– Совершенно согласен, что лучше философствовать или заниматься поэзией, раздувать пламя в алхимическом горне или доставать его с неба, чем носить кошек на подставке. И вот, когда вы окликнули меня, я почувствовал себя в таком же глупом положении, как осел перед вертелом. Но как быть, почтенный учитель? Надо чем-нибудь перебиваться со дня на день, и самый превосходный александрийский стих не заменит зубам куска сыра бри. Как вам известно, я сочинил для принцессы Маргариты Фландрской свадебную песнь, и город не платит мне за нее под предлогом, что эта песнь – далеко не лучшее произведение в своем роде, – как будто за четыре экю можно дать трагедию Софокла! Стало быть, мне грозила голодная смерть. К счастью, в челюстях у меня оказалась порядочная сила, и я сказал им: «Показывайте фокусы, в которых проявилась бы ваша сила, и кормите сами себя – ale te ipsam». Шайка оборванцев, с которыми я свел дружбу, выучила меня разным атлетическим штукам, и теперь я каждый вечер преподношу моим зубам тот хлеб, который они заработали в поте лица моего. Конечно, concedo, – я согласен, что это весьма печальное применение моих умственных способностей и что человек не для того создан, чтобы бить в бубен и носить в зубах стулья. Но, уважаемый учитель, недостаточно жить, надо как-нибудь суметь сохранить свою жизнь.
Достопочтенный Клод слушал молча. Вдруг взгляд его впавших глаз принял такое проницательное, дальновидное выражение, что Гренгуару показалось, что этот взгляд проник в сокровенные тайники его души.
– Все это прекрасно, мэтр Пьер, но как же вы очутились в обществе этой плясуньи-цыганки?
– Очень просто: она моя жена, а я ее муж, – отвечал Гренгуар.
В мрачных глазах священника вспыхнул зловещий огонь.
– Ты осмелился сделать это, негодяй! – закричал Клод, яростно хватая Гренгуара за руку. – Неужели Бог тебя совсем оставил, что ты осмелился коснуться этой девушки?
– Если это вас тревожит, монсеньор, то клянусь вам спасением моей души, что я ни разу не прикоснулся к ней, – дрожа всем телом, заявил Гренгуар.
– Что же ты болтаешь о муже и жене? – спросил священник.
Гренгуар поспешил коротко рассказать ему обо всем, что уже известно читателю, – обо всем случившемся с ним на Дворе чудес и о своем венчании разбитой кружкой. По-видимому, это венчание не имело дальнейших последствий, и цыганка каждый вечер ускользала от него, как в первую ночь.

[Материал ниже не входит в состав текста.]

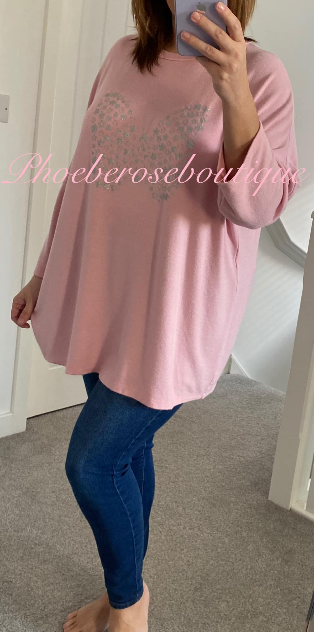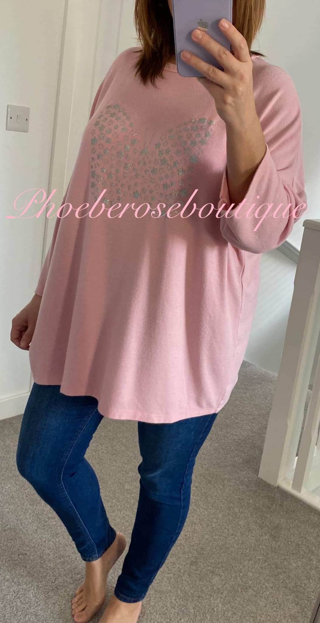 Be the first to review “Glitter Butterfly Soft Brushed Jersey Short Sleeve Top – Soft Pink”

– Это неприятно, – заключил свой рассказ Гренгуар. – Но беда в том, что я, кажется, имел несчастье жениться на девственнице.
– Что вы хотите этим сказать? – спросил архидьякон, мало-помалу успокоившийся в продолжение рассказа.
– Это довольно трудно объяснить, – отвечал поэт. – Тут дело в суеверии. Моя жена, как мне сказал старый бродяга, которого у нас называют герцогом египетским, подкинута или потеряна своими родными, – впрочем, это одно и то же. Она носит на шее ладанку, которая, как уверяют, поможет ей со временем отыскать родных, но которая утратит свою силу, если девушка утратит свою чистоту. Из этого следует, что мы оба живем как нельзя более добродетельно.
– Стало быть, вы думаете, мэтр Пьер, что к этой твари еще не прикасался ни один мужчина? – спросил Клод, лицо которого прояснялось по мере того, как говорил Гренгуар.
– Что может мужчина поделать против суеверия, достопочтенный Клод? – ответил поэт. – У девушки эта мысль засела в голове. Полагаю, что, наверное, большая редкость встретить такую монашескую целомудренность среди цыганок, которые вообще так легко приручаются. Но ее сохраняют три вещи: герцог египетский, взявший ее под свое покровительство, предполагая, может быть, со временем продать ее какому-нибудь аббату; все ее племя, относящееся к ней с каким-то особенным обожанием, точно к какой-нибудь святой, и, наконец, маленький кинжал, который мошенница всегда носит при себе, несмотря на запрещение прево, и который немедленно появляется в ее руке, как только вздумаешь обнять ее за талию. Настоящая оса!
Архидьякон засыпал Гренгуара вопросами.